The Cambridge-based firm Matter Design has finally came to understand this engineering tactic of moving a ton through their research on “weightless” concrete forms.
They worked with research and development at CEMEX, a building materials company, and created a way of moving stones that would typically need cranes or other equipment to lift.
The project, which is called the Walking Assembly, was documented in a fascinating video where you can see average people moving large concrete form. The stones have rounded edges which made it possible for the people to tip the rock forward and backwards.
The group each took a rock and placed it together like a jig-saw puzzle. Giant pegs are also inserted into sections of the stones which offer more movement control and with each stone placed together, the pieces become whole platforms, walls, and staircases.
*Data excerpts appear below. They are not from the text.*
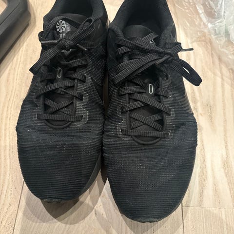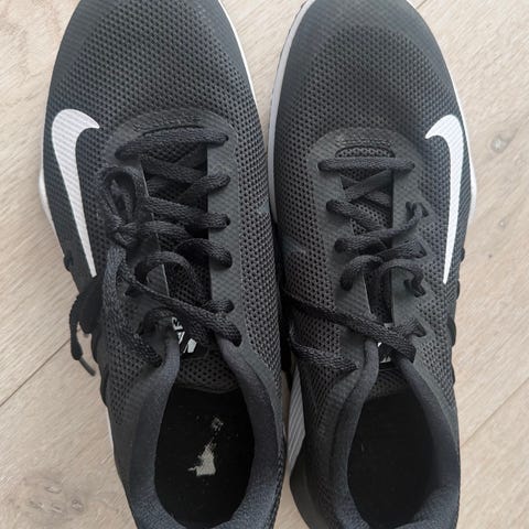 Nike løpesko i størrelse 41. Skoene er svarte med blå Nike-logo og hvit mellomsåle. Overdelen er i tekstil/mesh med snøring foran. Yttersålen har gummimønster for grep ved løping. Egnet til løping og annen trening utendørs eller innendørs.
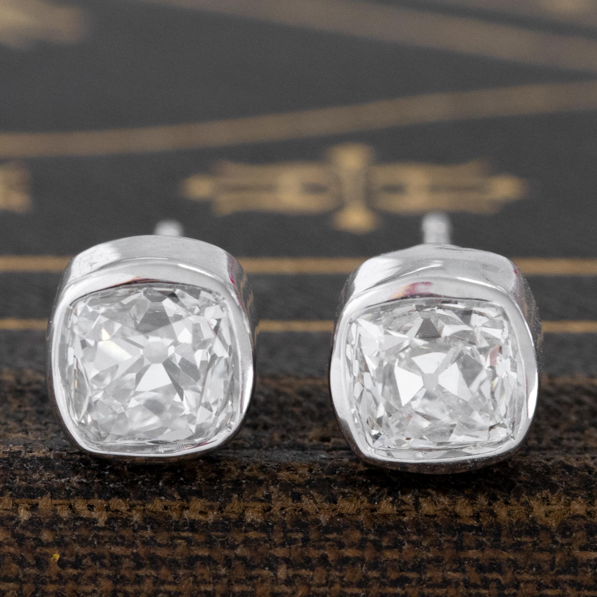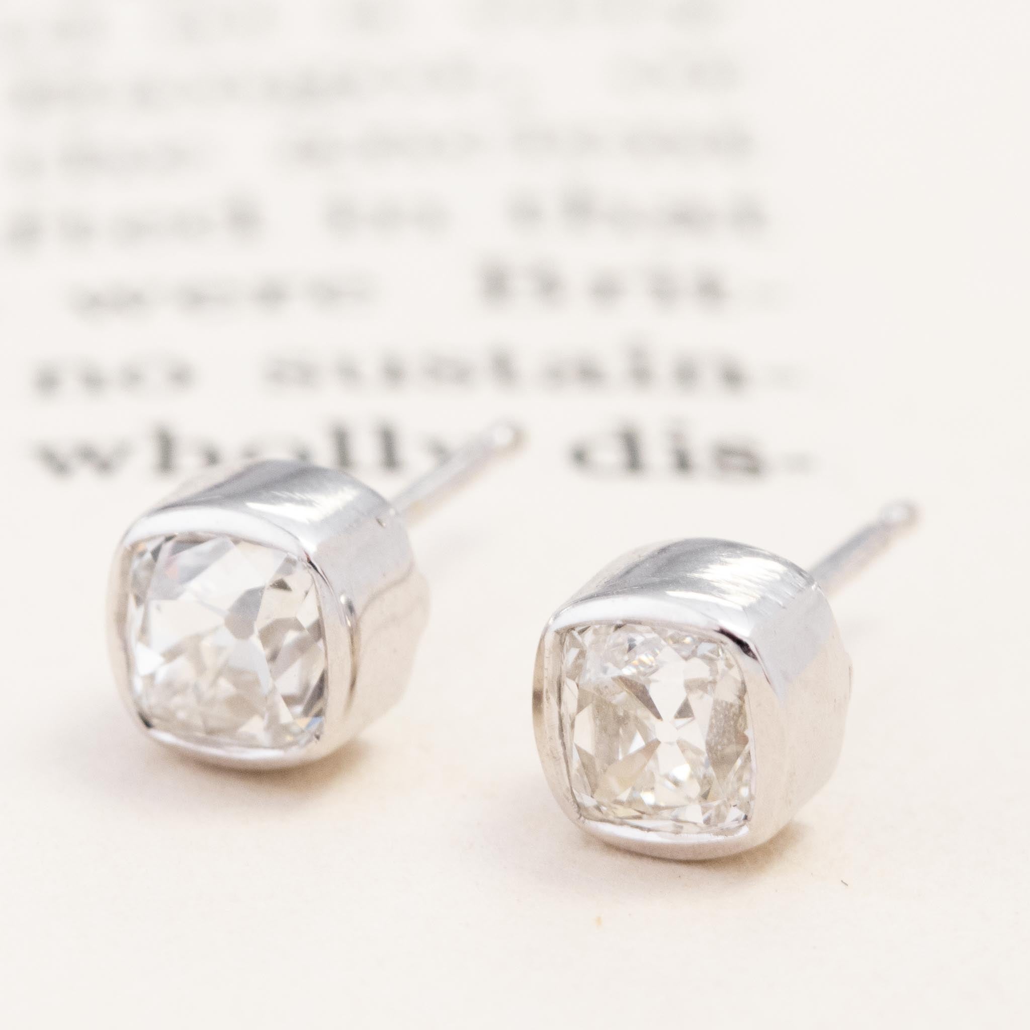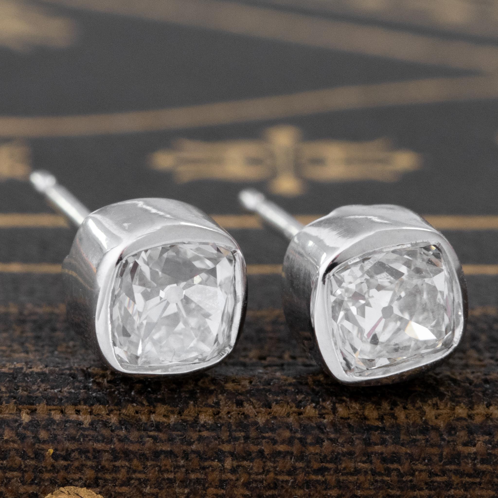 1.08ctw Old Mine Cut Diamond Stud Earrings
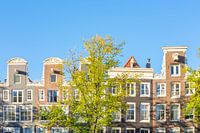 Traditionele oude gevels op grachtenpanden langs de grachten in Amsterdam, hoofdstad van Nederland. De oude koopmanshuizen staan in de grachtengordel in het stadscentrum en zijn vaak gebouwd in de Gouden Eeuw.
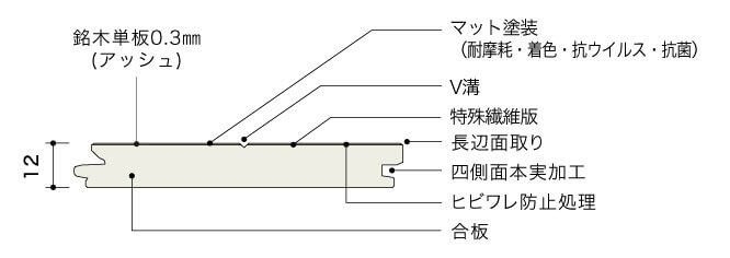 表面にブラッシング加工を施し、道管を強調させる着色塗装仕上げにすることで木目の凹凸感、素材感が増します。また、足触りの良い艶消し塗装でマットに仕上げています。
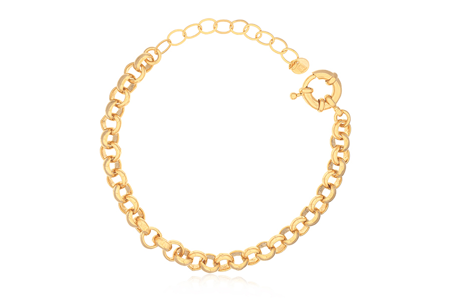 PULSEIRA BANHADA EM OURO, CORRENTE ELO PORTUGUÊS 2,50mm, 17cm COMPRIMENTO, EXTENSOR 5cm COMPRIMENTO E PESO 2,20g
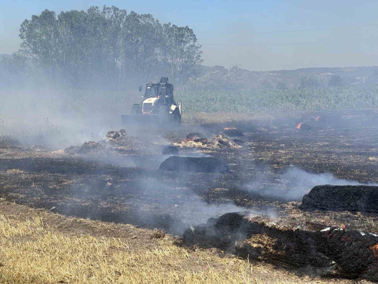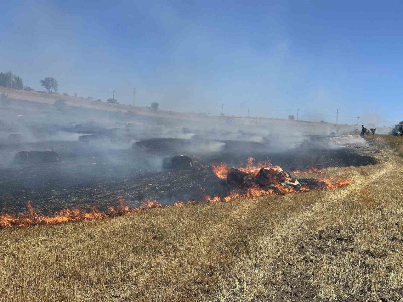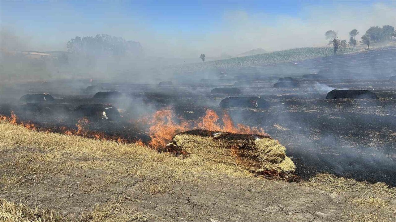 Yangında, tarlada bulunan çok sayıda saman balyası ile ekili araziler büyük ölçüde zarar gördü.

The team focused on density in order to make the task a feasible one. And finally to answer how it is possible to move such a large stone the team answered “By using variable density concrete, the center of mass of the object is calibrated precisely to control the stable but easy motion of the elements.”
This research may help the outside world particularly in areas that are difficult to reach with machines. It could be easier to assemble structures without the use of heavy machinery as well as taking a modular approach to building them. That way, if something needed to be repaired, the whole thing wouldn’t need to be demolished, just redesigned.